Doesn't E3 start in 6 days or something?


----------



## SkyeLegs (Jun 8, 2015)

Schwimmwagen said:


> Doesn't E3 start in 6 days or something?



Indeed, the Doom E3 reveal is on June 14. Even that is too long of a  wait though, and who knows when the game is actually coming out. I'm also impatient and I  wanna shoot things. D:

I'm gonna go try out DemonSteele in the meantime, looks like fun.


----------



## Kellie Gator (Jun 8, 2015)

Schwimmwagen said:


> Doesn't E3 start in 6 days or something?


I made a typo.

I wish I could watch the reveal on Sunday live but there's no way I can stay up at 2am-4am my time. Augh. D:

Next Monday can't come soon enough.


----------



## Taralack (Jun 14, 2015)

KELLIE

KELLIE ARE YOU WATCHING THE STREAM

I AM OFFICIALLY HYPED FOR DOOM


----------



## SkyeLegs (Jun 14, 2015)

OK, I was skeptical at first, but quickly got super hyped. The gameplay looks like it mixes the old with the new, and definitely has some Brutal Doom thrown in. I'm glad to see it looks like less of a corridor shooter; the level designs look more diverse and open, and the Hell parts just look awesome.

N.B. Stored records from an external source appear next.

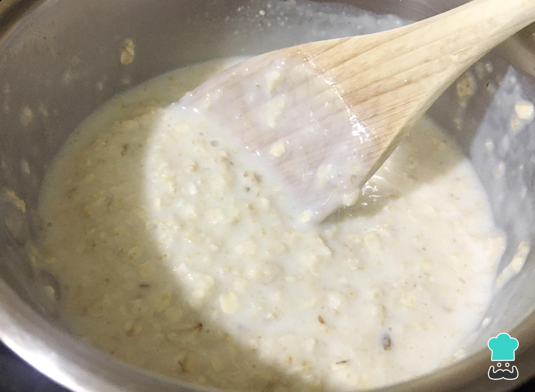 Pon a calentar la leche en un cazo a fuego medio y, cuando esté caliente, añade la avena en copos.
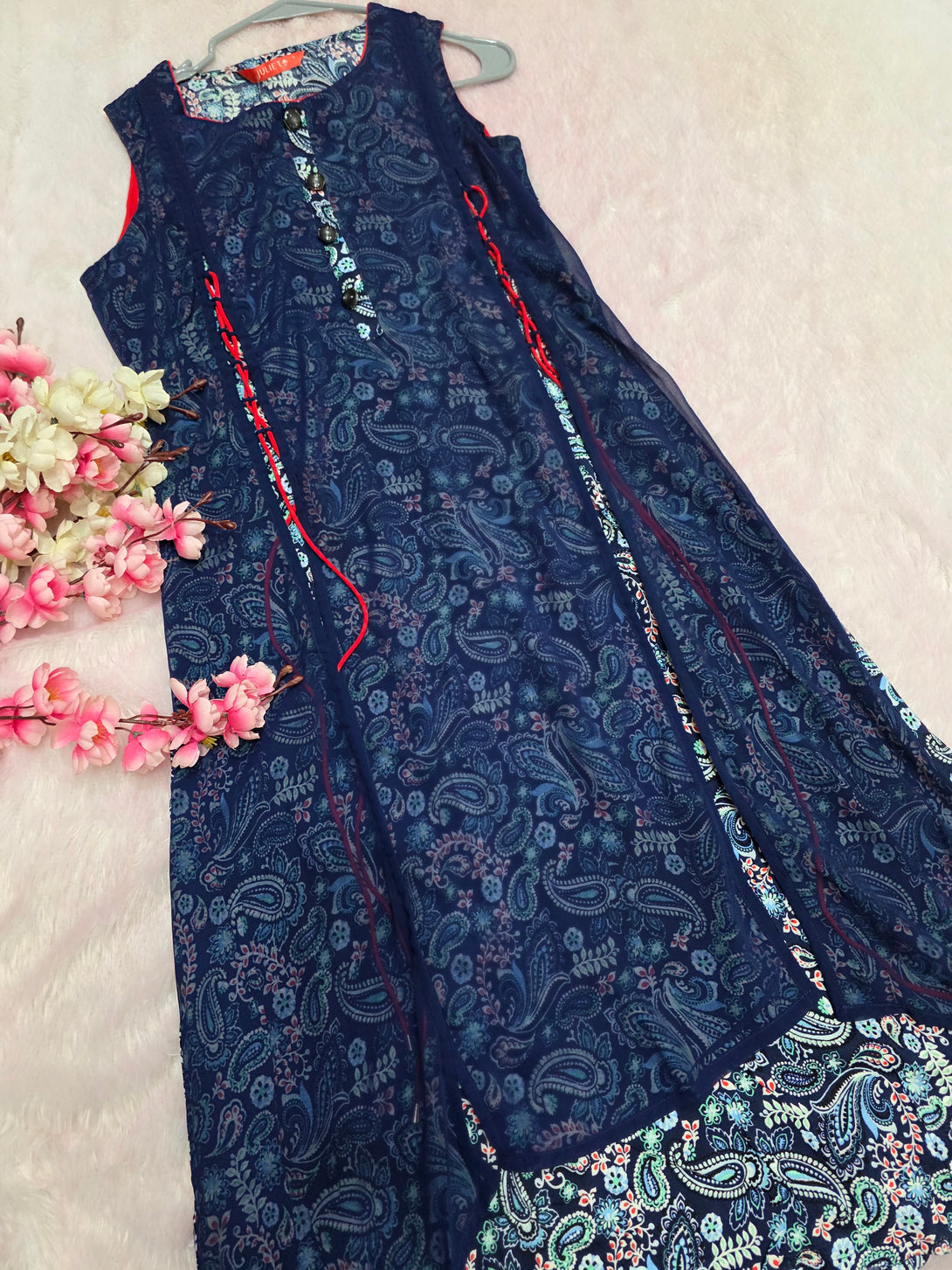 864011 Juliet Brand Designer Straight Kurti with Sleaves Inside - Blue
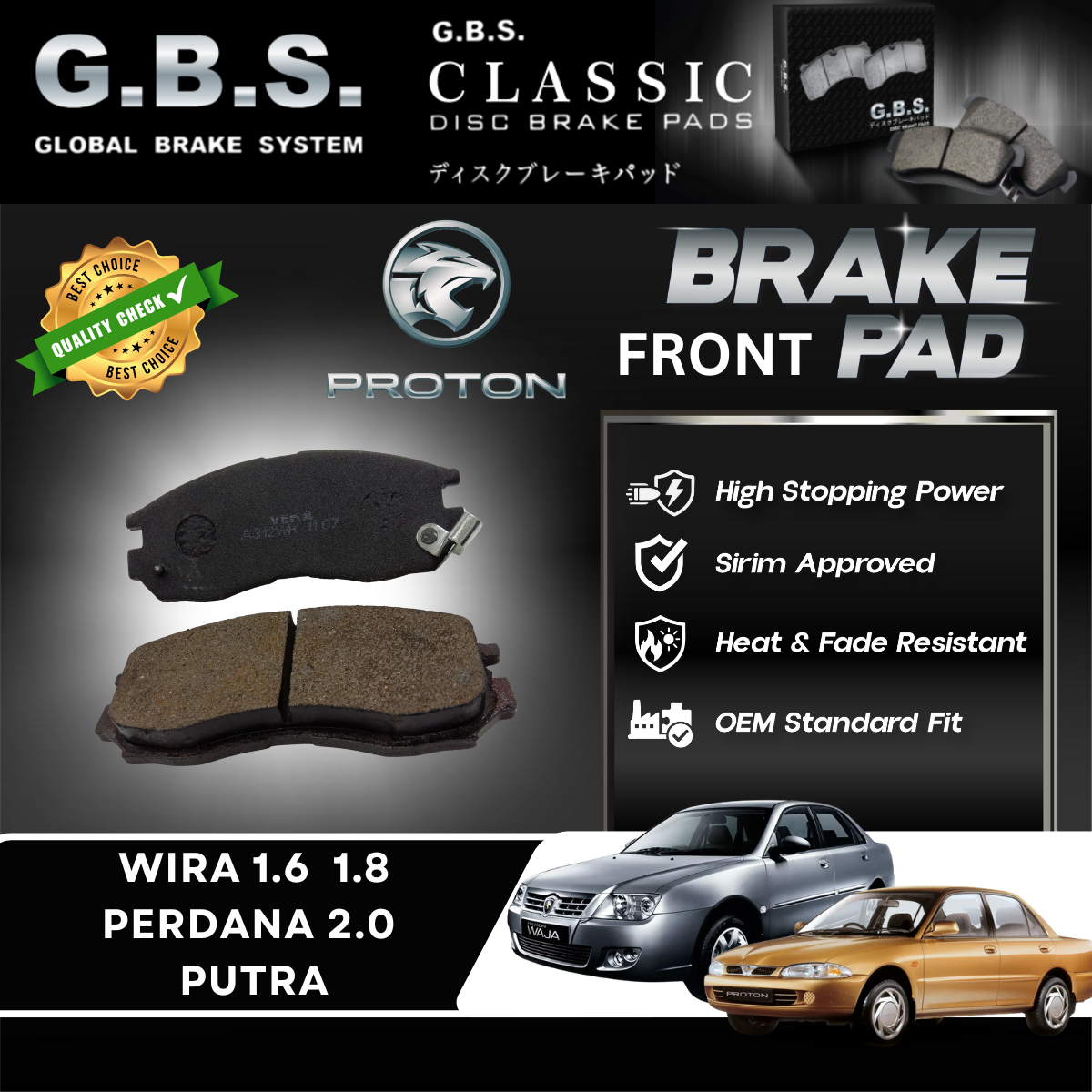 Proton Perdana Satria 1.6 1.8 GTI Wira 1.6, 1.8 Putra 1.8 GBS Classis Front Brake Pad Depan Brek
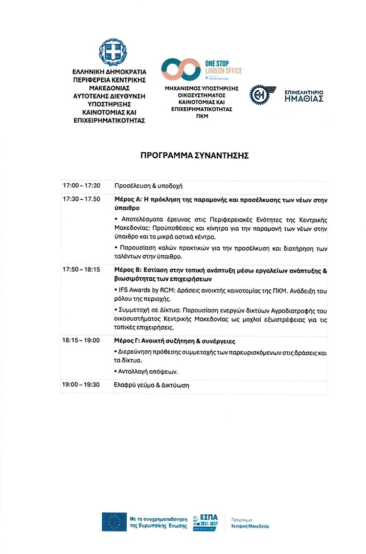 Ο Μηχανισμός Υποστήριξης Καινοτομίας και Επιχειρηματικότητας της Περιφέρειας Κεντρικής Μακεδονίας – One Stop Liaison Office (OSLO), σε συνεργασία με το Επιμελητήριο Ημαθίας, σας προσκαλούν στη Συνάντηση Εργασίας με θέμα «Σύγχρονα εργαλεία βιωσιμότητας των επιχειρήσεων: Η απάντηση στις προσδοκίες των νέων και τις προκλήσεις του τόπου μας», τη Δευτέρα 23 Μαρτίου 2026 και ώρα 17:00, στην Αίθουσα Συνεδριάσεων “ΑΠΟΣΤΟΛΟΣ ΒΕΣΥΡΟΠΟΥΛΟΣ” του Επιμελητηρίου Ημαθίας (Κεντρικής 3, Βέροια).
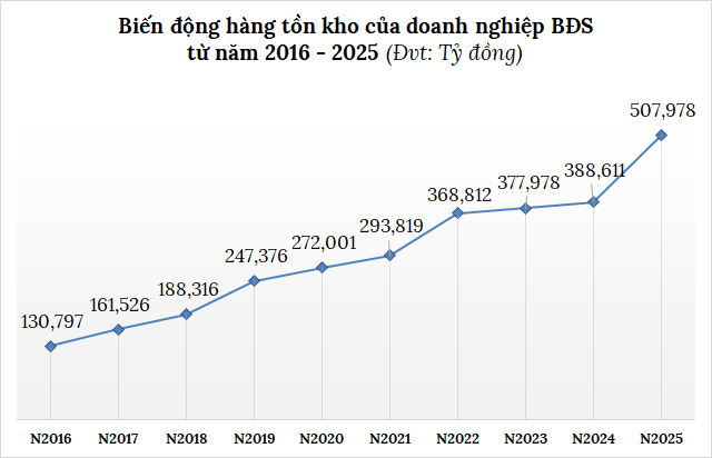 Số liệu VietstockFinance cho thấy đến cuối năm 2025, tổng giá trị hàng tồn kho của 103 doanh nghiệp bất động sản trên HOSE, HNX và UPCoM đã lên gần 508 ngàn tỷ đồng, tăng 30% so đầu năm.
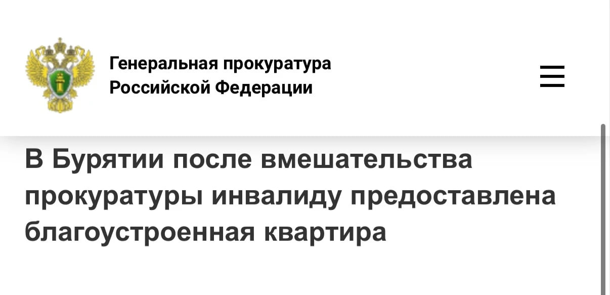 Благодаря вмешательству надзорного ведомства жилищные права инвалида восстановлены, ему предоставлена благоустроенная квартира в поселке Селенгинск площадью 54 кв. м.

Also, off topic, but wow, I haven't seen Adam Sessler and Morgan Webb in a _long_ time.


----------



## LeviathanBones (Jun 14, 2015)

LETS GET THOSE DEMONS.


YEAH.


Lets also have a moment of silence for people who thought the Doom 3 Movie was going to be good.


----------



## DevilishlyHandsome49 (Jun 15, 2015)

Kellie, I know want Doom...badly. The chainsaw!!!


----------



## Kellie Gator (Jun 15, 2015)

Taralack said:


> KELLIE
> 
> KELLIE ARE YOU WATCHING THE STREAM
> 
> I AM OFFICIALLY HYPED FOR DOOM


I had to sleep but then I woke up, saw the trailer and made more noises than that strange lady who made those hilarious reactions to Twilight movie trailers.

Pretty much none of my fears have been confirmed for this game and when it can be pre-ordered I will certainly do so. This game is pretty much everything I wanted and some more. ;w;



Chrysocyon said:


> OK, I was skeptical at first, but quickly got super hyped. The gameplay looks like it mixes the old with the new, and definitely has some Brutal Doom thrown in.

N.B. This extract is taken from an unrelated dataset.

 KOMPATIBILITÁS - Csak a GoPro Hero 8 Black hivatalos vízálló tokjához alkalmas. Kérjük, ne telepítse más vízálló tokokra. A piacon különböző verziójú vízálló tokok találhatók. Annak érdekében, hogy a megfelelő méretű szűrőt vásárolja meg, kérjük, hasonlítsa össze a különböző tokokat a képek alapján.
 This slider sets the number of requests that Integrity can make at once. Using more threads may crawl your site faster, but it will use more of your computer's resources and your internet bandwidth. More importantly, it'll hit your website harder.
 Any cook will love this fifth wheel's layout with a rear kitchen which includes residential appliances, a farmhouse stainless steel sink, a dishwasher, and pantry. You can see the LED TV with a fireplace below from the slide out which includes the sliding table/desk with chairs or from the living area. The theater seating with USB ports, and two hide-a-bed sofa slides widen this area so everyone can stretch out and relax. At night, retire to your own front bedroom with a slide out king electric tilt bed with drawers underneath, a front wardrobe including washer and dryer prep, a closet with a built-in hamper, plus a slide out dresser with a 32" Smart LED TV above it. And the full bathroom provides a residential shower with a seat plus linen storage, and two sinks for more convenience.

I take slight issue with the Brutal Doom comparisons but I suppose it's not completely unlikely that the mod was an inspiration. I'm just thinking... Serious Sam 3 did it first.

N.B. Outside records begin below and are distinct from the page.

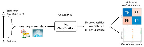 Figure 3 illustrates the process of ML modelling implemented. The ML modelling was carried out within the MATLAB (2021a, 9.10) Classification Learner [44] app. The training of the model is based on the data available on historic journeys for each vehicle, using only the basic features of the journey data (start time, day of the week and vehicle park time, defined as the time interval from the end of the previous trip), with the labelled trip distance (obtained from the binary class transformation in Equation (1)) as the prediction variable of interest. The choice to restrict the predictor features to the basic journey information was based on the judgement that the PHEV EMS will require a prediction immediately after the key-on event for the current/upcoming journey, at which point only the calendar trip parameters will be available.
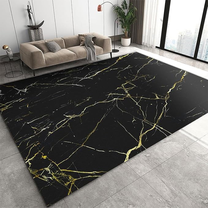 Black Gold Marble Area Rug, Abstract Gold Crack Art Home Decor Rugs ...
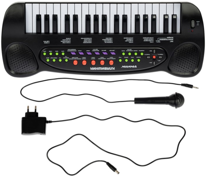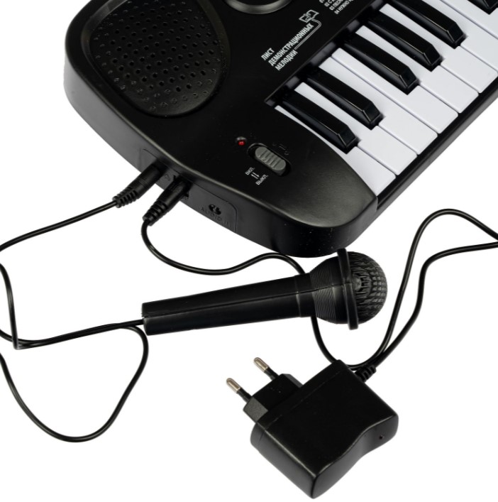 Компактный синтезатор не займет дома много места, поэтому его очень удобно использовать в качестве домашнего музыкального инструмента. Клавиатура синтезатора состоит из 37 клавиш, одна колонка обеспечивает качественный монозвук, в комплекте синтезатора микрофон, питание инструмента возможно от сети 220 В или 4 батареек АА 1,5В (в комплект не входят).
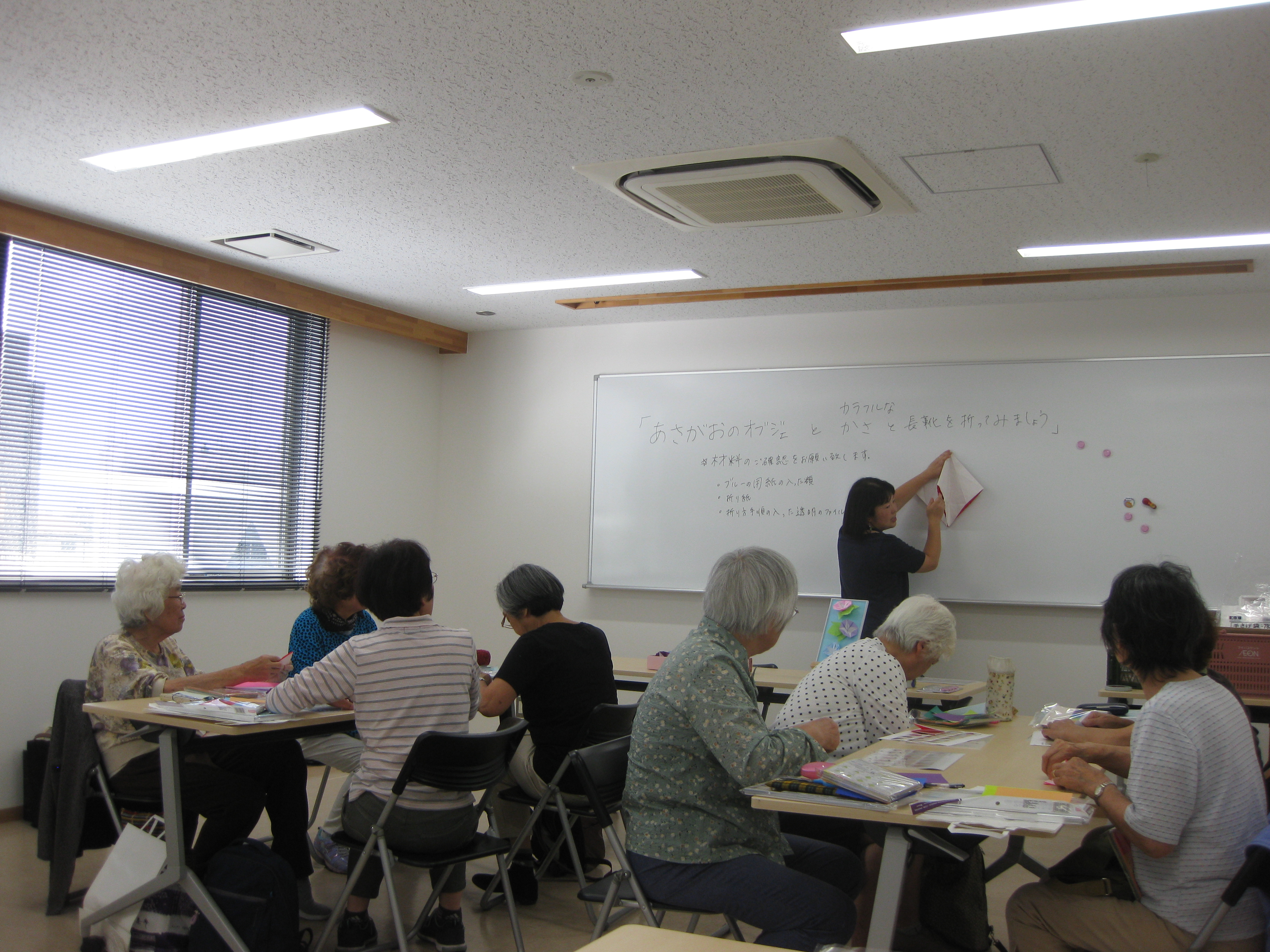 けれども、さすが先生!一人ひとりの折りかけの朝顔を覗いて、「合ってますよ」と声をかけてくださったり、折り目の付け方や折り方の確認を丁寧に教えてくださいました。
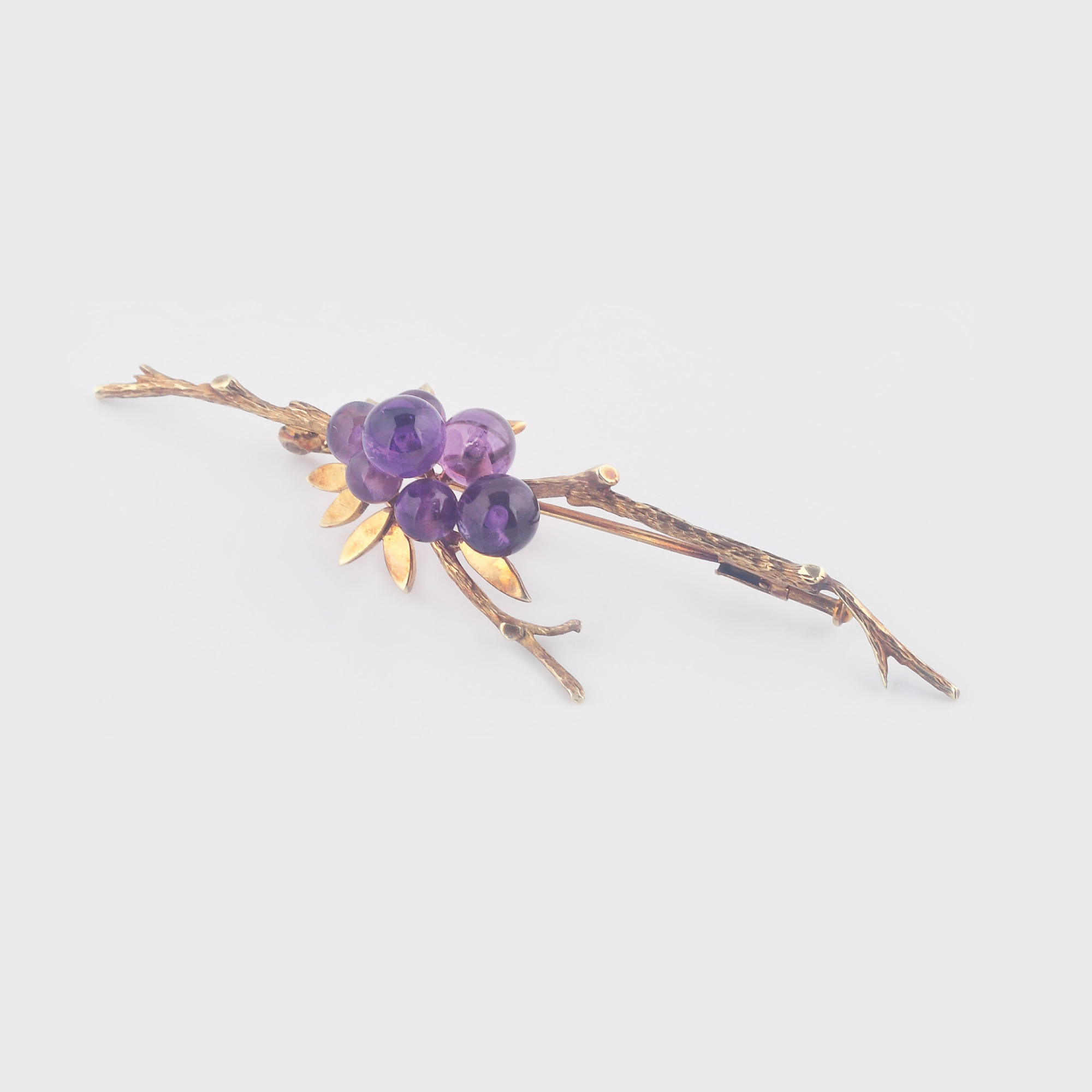 59. Delicată broșă din aur, ornată cu strugure de ametiste

Oh yeah, Brutal Doom version 2.0 was released a week or two, forgot about that. It's quite wonderful. <3



LeviathanBones said:


> LETS GET THOSE DEMONS.
> 
> 
> YEAH.
> ...


Speaking of Doom 3, I'm glad that this version of Doom isn't so bloody dark you can't see like it was in Doom 3. I'm glad I got around to getting the BFG Edition so I wouldn't have to switch between guns and the flashlight, I swear to fucking christ you'd think that a base on mars would have some fucking duct tape. But nope, someone had to make a mod to fix that. x3


----------



## SkyeLegs (Jun 15, 2015)

Kellie Gator said:


> Pretty much none of my fears have been confirmed for this game and when it can be pre-ordered I will certainly do so. This game is pretty much everything I wanted and some more. ;w;
> 
> 
> I take slight issue with the Brutal Doom comparisons but I suppose it's not completely unlikely that the mod was an inspiration. I'm just thinking... Serious Sam 3 did it first.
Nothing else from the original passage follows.